4.2.1.[geïntimeerde] heeft in eerste aanleg bij exploot van dagvaarding van 10 juni 2013 [Wooncenter] in kort geding gedagvaard voor de kantonrechter te [vestigingsplaats 1] en gevorderd, zakelijk weergegeven, [Wooncenter] te veroordelen tot betaling aan [geïntimeerde] van:
1. het basissalaris ad € 1.232,-- bruto per maand vanaf 7 maart 2013 tot aan het moment dat de loondoorbetalingsverplichting van [Wooncenter] eindigt;
2. de wettelijke verhoging wegens te late betaling als bedoeld in artikel 7:625 BW;
3. de wettelijke rente over het achterstallige loon en de wettelijke verhoging;
4. een bedrag van € 900,00 bruto als voorschot op gemiste provisie-inkomsten;
5. 8% vakantiegeld over het afgelopen jaar;
met veroordeling van [Wooncenter] in de proceskosten.
4.2.2.Op haar beurt heeft [Wooncenter] in reconventie gevorderd [geïntimeerde] te veroordelen om aan haar te betalen de gefixeerde schadevergoeding ad € 3.659,04, te vermeerderen met de wettelijke rente vanaf 7 maart 2013 tot aan de datum der algehele voldoening met veroordeling van [geïntimeerde] in de kosten van de procedure.
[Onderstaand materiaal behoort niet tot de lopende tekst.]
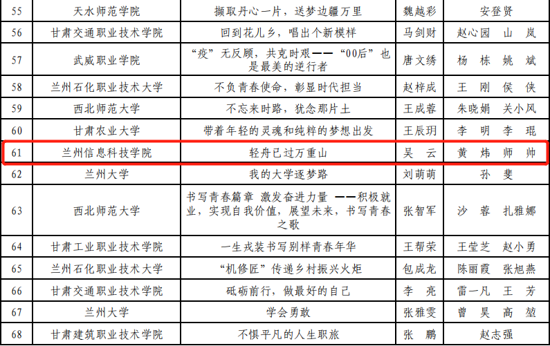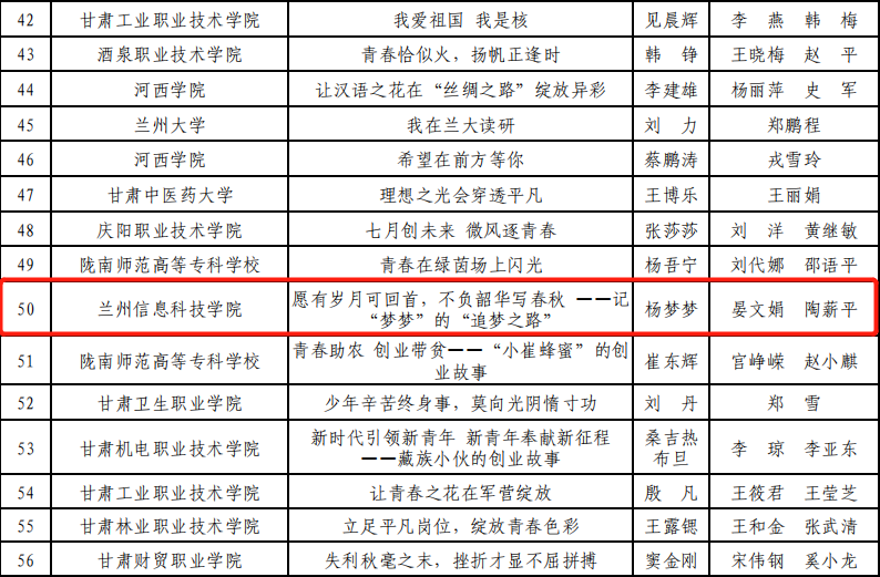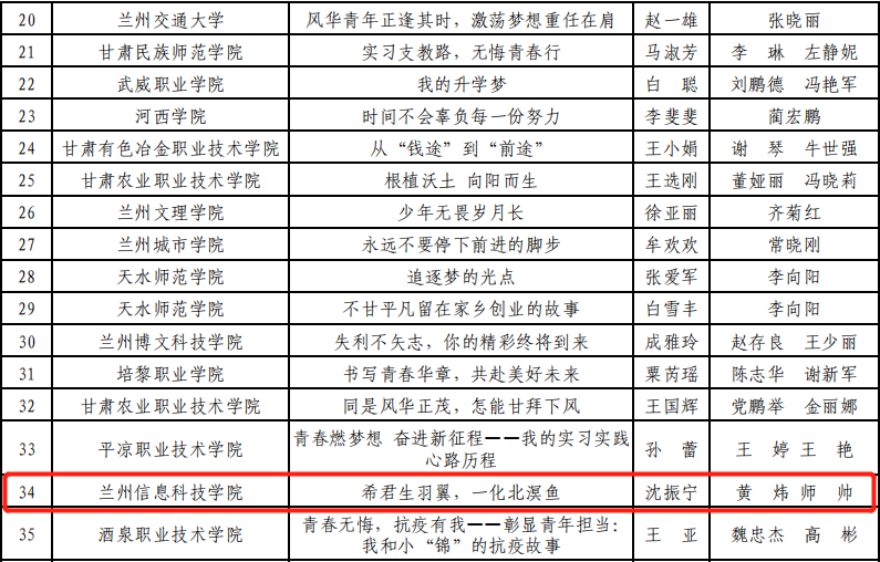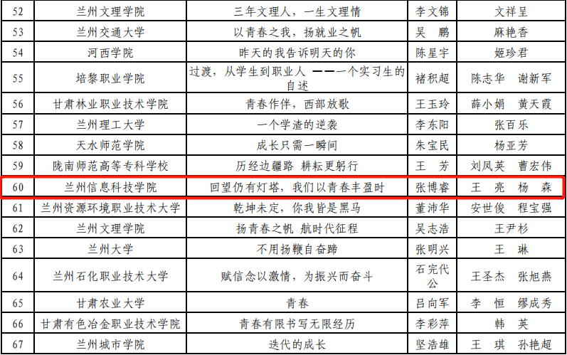 在甘肃省第三届高校毕业生就业创业故事征文大赛中,学校学生杨梦梦同学的作品《愿有岁月可回首,不负韶华写春秋》荣获一等奖;吴云同学的作品《轻舟已过万重山》荣获二等奖,沈振宁同学的作品和张博睿同学的作品《回望仍有灯塔,我们以青春丰盈时》荣获三等奖2项。此次比赛中,充分展现了开元集团网站师生勇于创新、积极进取的精神风貌。

4.2.3.Bij het bestreden vonnis heeft de kantonrechter, in kort geding oordelend, wat betreft de vordering in conventie, [Wooncenter] veroordeeld om tegen behoorlijk bewijs van kwijting aan [geïntimeerde] te betalen:
- het salaris van € 1.232,-- bruto per maand vanaf 7 maart 2013 tot het moment dat de loondoorbetalingsverplichting van [Wooncenter] eindigt;
- het vakantiegeld à 8% over de periode van 7 maart tot en met 30 juni 2013;
- de wettelijke verhoging over het achterstallige salaris en vakantiegeld, vastgesteld op 10%;
- de wettelijke rente over de toegewezen bedragen;
met veroordeling van [Wooncenter] in de proceskosten.
Het in conventie meer of anders gevorderde werd afgewezen.
De vordering in reconventie werd eveneens afgewezen.